AUDIENCE: Are those actually greater than or equal to?
PROFESSOR: No, greater. They are always greater than or equal to 0. Probability is always non-negative. So what want is positive probability, meaning that there's a chance that I will get there. I don't care how small this chance is, but it shouldn't be 0.
AUDIENCE: [INAUDIBLE]. So p to ij, though, couldn't it be equal to pik, [? pkj? ?]
PROFESSOR: Yeah, exactly. So in this case, p132 is equal to p12, p23,
AUDIENCE: So I guess I'm asking if p2ij should be greater than or equal to pfk.
PROFESSOR: Oh, OK. No, actually. You know why? Because there can exist some other state like here.
AUDIENCE: Right. But if that doesn't exist and there's only one path.
PROFESSOR: Yeah, sure. But there's no guarantee. What I'm saying is that Pik is positive, Pkj is positive. So this thing is positive, but it can be bigger. In this case, it can be bigger. I don't care about the quantity, about the amount of the probability. I care about its positiveness, it's greater than 0. I just want it to be non-0. The other thing is that when we look at pijn, I don't care what kind of walk I have between i and j. It's a walk, so it can have repetition, it can have cycles, or it can have anything. I don't care. So if you really want to calculate pij for n equal to [INAUDIBLE] 1,000, you should really find all possible walks from i to j and add the probabilities to find this value. And all the walks within steps.
Not here. Let's look at some examples. So is node 3 accessible from node 1? So you see that there's a walk like this, 1, 2, 3. So there's a positive probability of going to state 3 from node 1. So node 3 is accessible from 1. But if you really want to calculate the probability, you should also look at the fact that we can have cycles. So 1, 2, 3 is a walk. But 1, 1, 2, 3 is also a walk. 1, 2 3, 2, 3 is also a walk. You see? So you have to count all these things to find the probability of p13n for any n.
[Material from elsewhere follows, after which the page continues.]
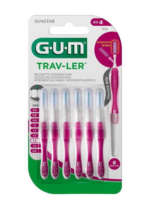 El cepillo interdental GUM TRAV-LER es un cepillo cómodo e innovador que te ayudará a limpiar las zonas interdentales. Utiliza tu GUM TRAV-LER al menos una vez al día, preferiblemente después de cenar, para mantener tu boca limpia.

What about state 5? So is the node 3 accessible from node 5? You see that it's not. Actually, if you're going to state 5, you never go out. With [INAUDIBLE] probability of 1, you stay there forever. So actually, no state except state 5 is accessible from 5. So is node 2 accessible from itself? So accessible means that I should have a walk from 2 to 2 in some number of steps. So you can see that we can have 2, 3, 2, or many other walks. So it's accessible.
But as you see, node 6 is not accessible from itself. If you are in node 6, you always go out. So it's not accessible. So let's go back to these definitions. Yeah, this is what I said, and I'm emphasizing again. If you want to say that j is not accessible from i, I should have a pijn equal to 0 for all n. The other thing is that, if there's a walk from i to j and from j to k, we can prove easily that there's a walk from i to k. So having a walk from i to j means that for some n, this thing is positive. So this is i to j. From j to k, this means that p of jk, for some n, this is positive.
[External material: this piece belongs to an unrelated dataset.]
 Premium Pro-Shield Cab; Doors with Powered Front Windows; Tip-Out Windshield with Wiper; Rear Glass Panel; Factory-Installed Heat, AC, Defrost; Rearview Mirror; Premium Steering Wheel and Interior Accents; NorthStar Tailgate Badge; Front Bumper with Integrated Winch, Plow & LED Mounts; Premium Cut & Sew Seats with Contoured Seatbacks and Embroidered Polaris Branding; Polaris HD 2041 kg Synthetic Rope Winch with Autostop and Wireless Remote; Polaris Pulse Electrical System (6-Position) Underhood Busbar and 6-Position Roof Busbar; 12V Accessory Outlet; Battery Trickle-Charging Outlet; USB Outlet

So looking at i two k, I can say that p of i to k, m plus n, is greater than. And I have this thing here because of the reason that I explained right now, because there might be other paths from i to k, except the paths going through j, or except the walks that have n steps to get to j and n steps to get to k. So we know that, well, we can concatenate the walks from-- so if there's a walk from i to j and j to k, we have a walk from i to k. So we say that states i and j communicate if there's a walk from i to j and from j to i. So it can go back and forth. So it means that there's a cycle from from i two i or j two j. This is the implication.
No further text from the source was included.